**Data records**
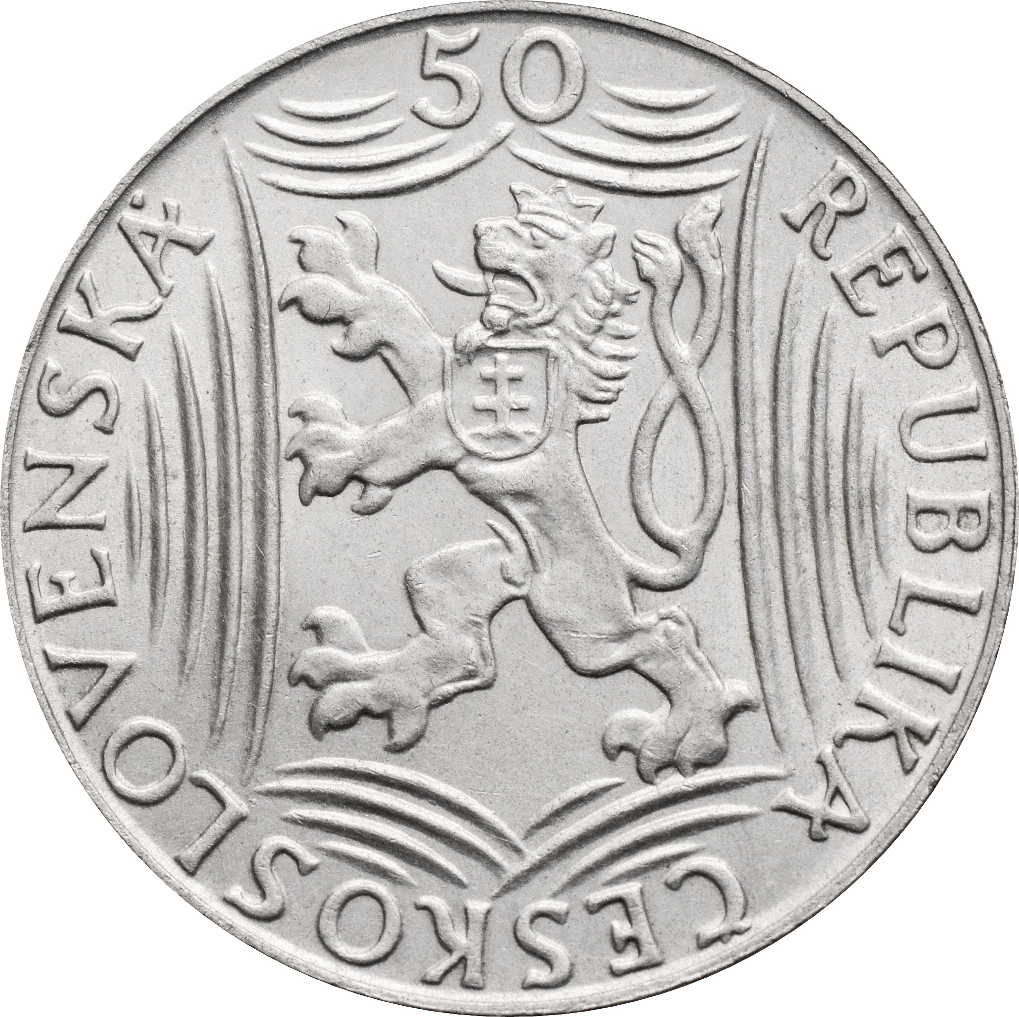 Аверс: в центре монеты расположен герб Социалистической республики Чехословакии. Под ним надпись: "REPUBLIKA ČESKOSLOVENSKÁ". Над гербом указан номинал - цифра "50".
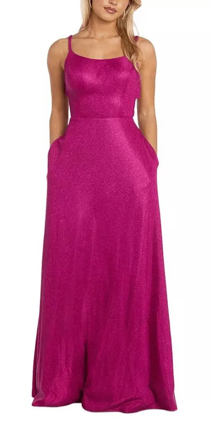 Morgan & Company Juniors' Sweetheart Neck Shimmer Gown. Beautiful prom dress with a magenta shimmer fabric, pockets, strappy back, and lining. Make me an offer! Condition: new with tags Measurements are taken while laying flat: Bust not taken due to strappy back Waist 13" Length from waist to hem 43.5" SKU0325-C3m-79
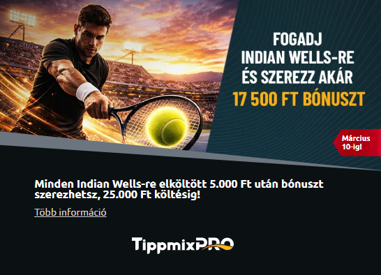 Indul az év egyik legjobban várt teniszversenye, az Indian Wells-i Masters, és ezzel együtt megérkezett a legújabb tenisz bónusz is! Ha szereted az izgalmakat és szívesen fogadnál Marozsán Fábián vagy a világelit meccseire, ez az akció neked szól.
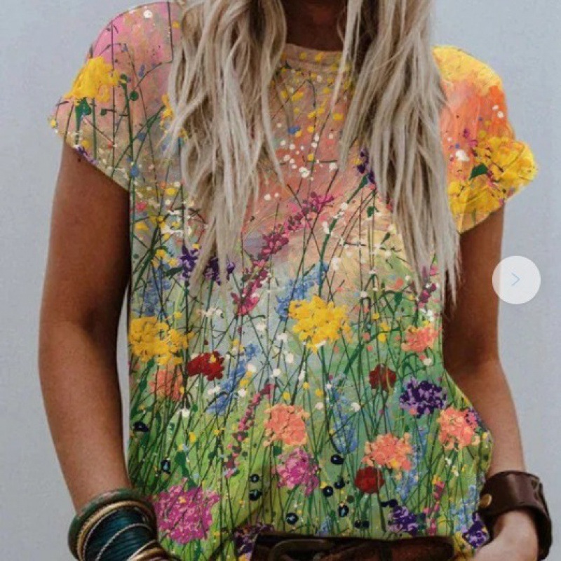 欧美跨境新款春夏季花朵清新3D数码印花T恤女宽松 短袖
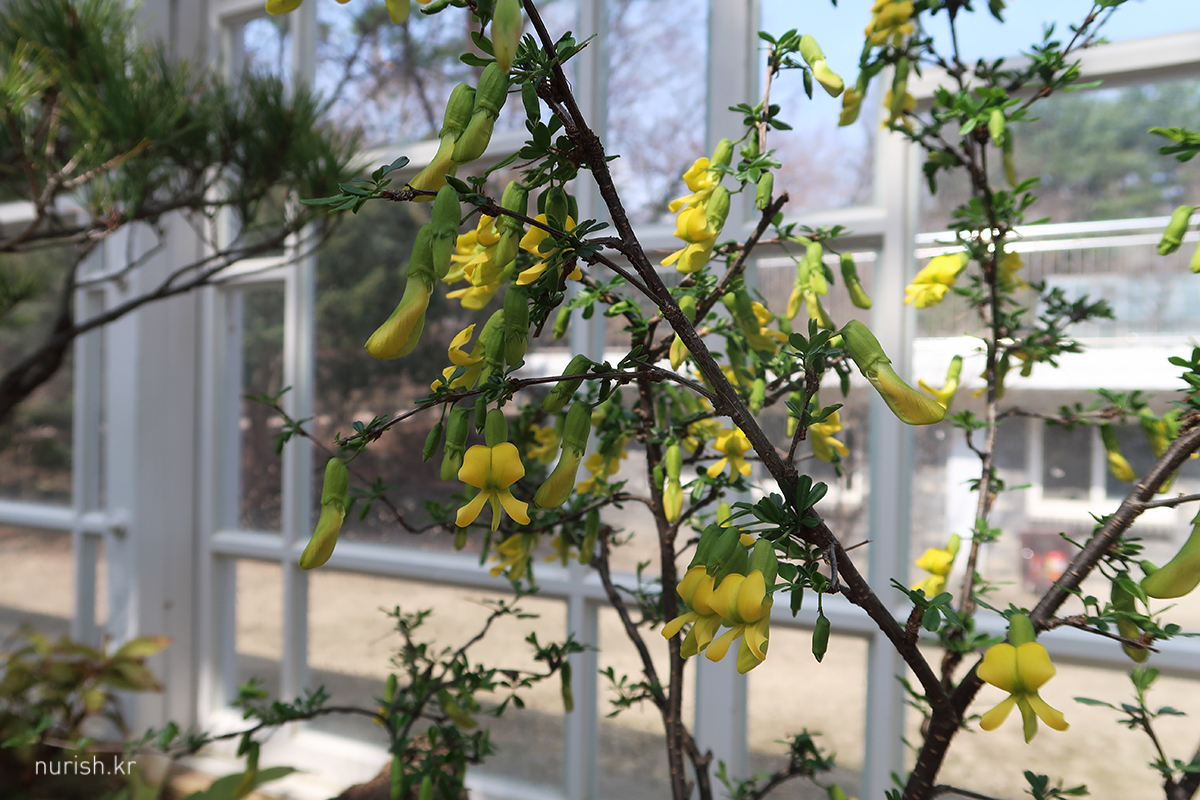 맞은편에 있는 작은 나무는 꽃봉오리 조금씩 열리는 중
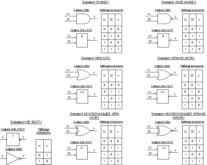И | ИЛИ | XOR | НЕ | NAND | NOR | XNOR
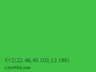 XYZ 22.48,40.103,12.186 Color is a normal green color and the nearest color is Lime Green #32cd32. Hex code #40c245 and RGB value is rgb(64,194,69). In RGB color space, this color is composed of 25% red, 76% green, 27% blue, In CMYK color space, this color is composed of 67% cyan, 0% magenta, 64% yellow , 24% black , In HSL color space, this color has a hue angle of 122° , 52% saturation and 51% lightness.
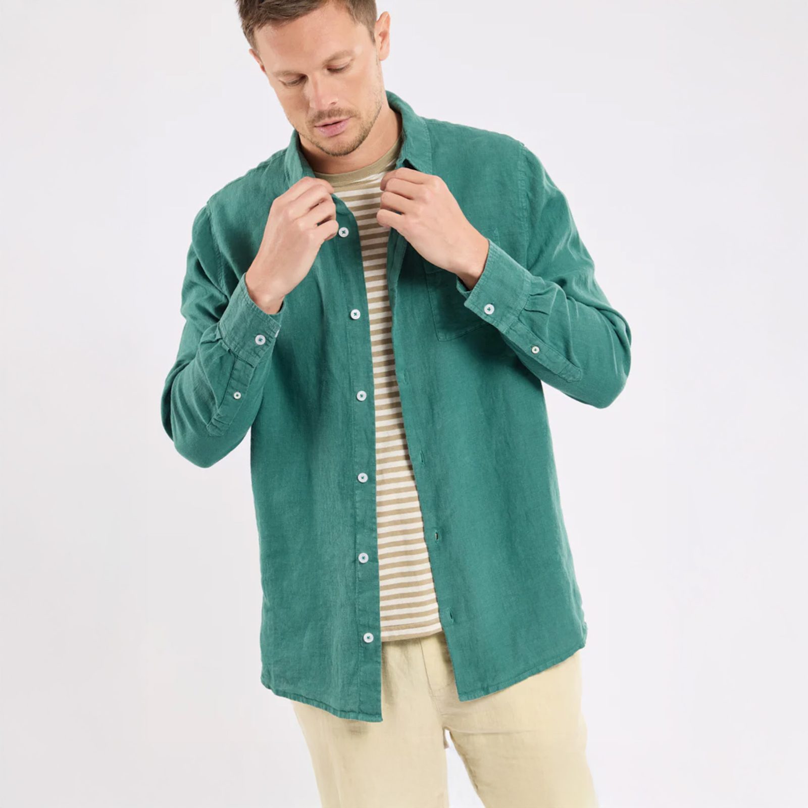 Tato lněná košile z francouzské Bretaně je na léto jak dělaná, a navíc hned zaujme barvou. V nevypasovaném, volném střihu a s dlouhým rukávem je vhodná pro pány, kteří neradi ty nové trendy v košilích (krátký rukáv) a přece si v létě chtějí zachovat chladnou jak hlavu, tak tělo.
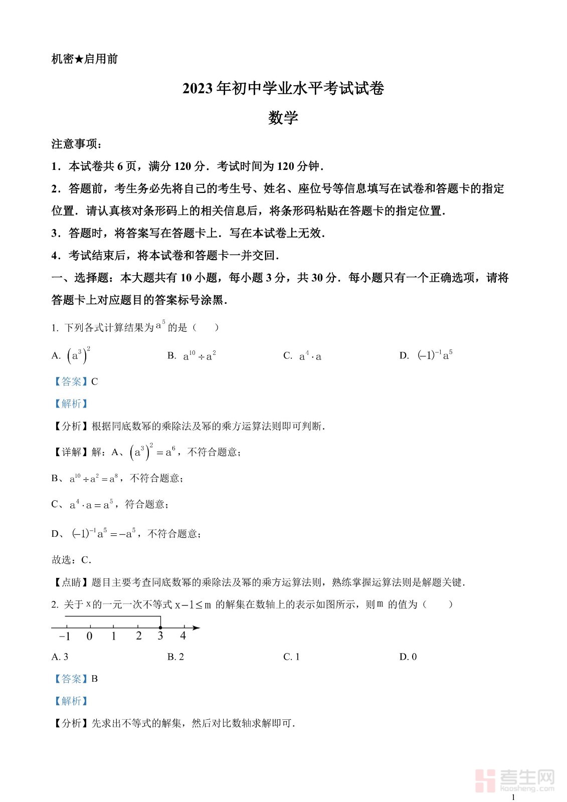2023年中考数学真题
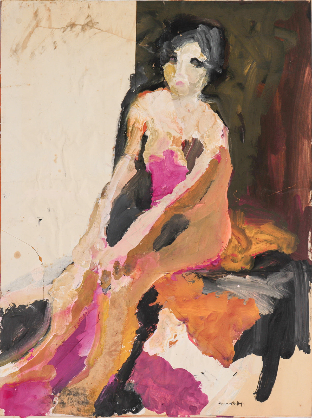 Entitled Lorelai, this mid 20th century distemper on paper is by Bay Area artist Alysanne McGaffey (1931-2018). Born in Seattle, McGaffey moved to San Francisco in the mid 1950s to study at SFAI with Bay Area Figurative pioneers Joan Brown, Nathan Oliveira, Jay DeFeo, Bruce McGaw, and Manuel Neri. McGaffey also took classes at CCAC and UC Berkeley, and received an MFA in Painting from the University of San Francisco. She became involved in community arts organizations, holding offices in several, including the Coastal Arts League and Pacifica's Cultural Arts Commission. Eventually McGaffey's gaze moved from the figure to the landscape, and she spent the last thirty years traveling the Northern California coast painting watercolor seascapes.

**Work required**
Write out exactly the lines above, from the very first through the line containing "Morgan & Company", both kept, with the pictures removed.

**Expected answer**
 Аверс: в центре монеты расположен герб Социалистической республики Чехословакии. Под ним надпись: "REPUBLIKA ČESKOSLOVENSKÁ". Над гербом указан номинал - цифра "50".
 Morgan & Company Juniors' Sweetheart Neck Shimmer Gown. Beautiful prom dress with a magenta shimmer fabric, pockets, strappy back, and lining. Make me an offer! Condition: new with tags Measurements are taken while laying flat: Bust not taken due to strappy back Waist 13" Length from waist to hem 43.5" SKU0325-C3m-79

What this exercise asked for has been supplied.